Sobrevivente do Holocausto Marco Di Porto como uma criança com sua mãe. (Cortesia)

“Um vizinho nos avisou da chegada iminente dos alemães”, diz. “Minha tia e suas irmãs me envolveram em um cobertor e fugiram para uma igreja não muito longe de nossa casa. O pároco viu chegar três meninas com uma criança pequena nos braços. Minhas tias se apresentaram como judias e disseram que os nazistas queriam levá-las embora. O padre imediatamente abriu a porta e os deixou entrar.”

Mais tarde, Di Porto juntou-se à sua mãe e avó. Eles dormiram no porão e na manhã seguinte o pároco teve que mandá-los embora com relutância porque não tinha nada para comer.

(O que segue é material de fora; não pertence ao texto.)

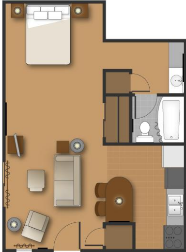
Studio Suite: 550 sq. ft.

“Minha mãe decidiu pegar um ônibus para a estação ferroviária Termini. Foi um grande risco, mas chegamos à Igreja do Sagrado Coração”, diz Di Porto. “Anos depois voltei lá e consegui consultar o diário do pastor da época, que tinha registado a 17 de Outubro de 1943, a chegada de uma família judia composta por cinco mulheres e uma criança chamada Marco Di Porto.

“Na manhã do dia 18 de outubro, enquanto saía de Tiburtina o trem com 1.022 judeus com destino a Auschwitz, o pároco nos avisou que não podíamos mais ficar. Minha mãe estava desesperada, mas o padre disse a ela para ir para o distrito de Trastevere, onde havia um convento no qual os judeus se refugiaram.”

A madre superiora abriu a porta e deixou-os entrar sem perguntar quem eram ou por que estavam ali. No convento eles encontraram 150 outros judeus.

“Um dia chegaram os fascistas, mas as freiras fizeram fila na entrada dizendo que se quisessem entrar teriam que prendê-las primeiro. Eles não entraram”, diz Di Porto.

“Permanecemos escondidos de 18 de outubro de 1943 a 4 de junho de 1944, quando Roma foi libertada. Muitos anos depois, voltei a este convento, encontrando os mesmos lugares onde morei por nove meses, e foi emocionante. Fiquei emocionado e chorei”, diz Di Porto.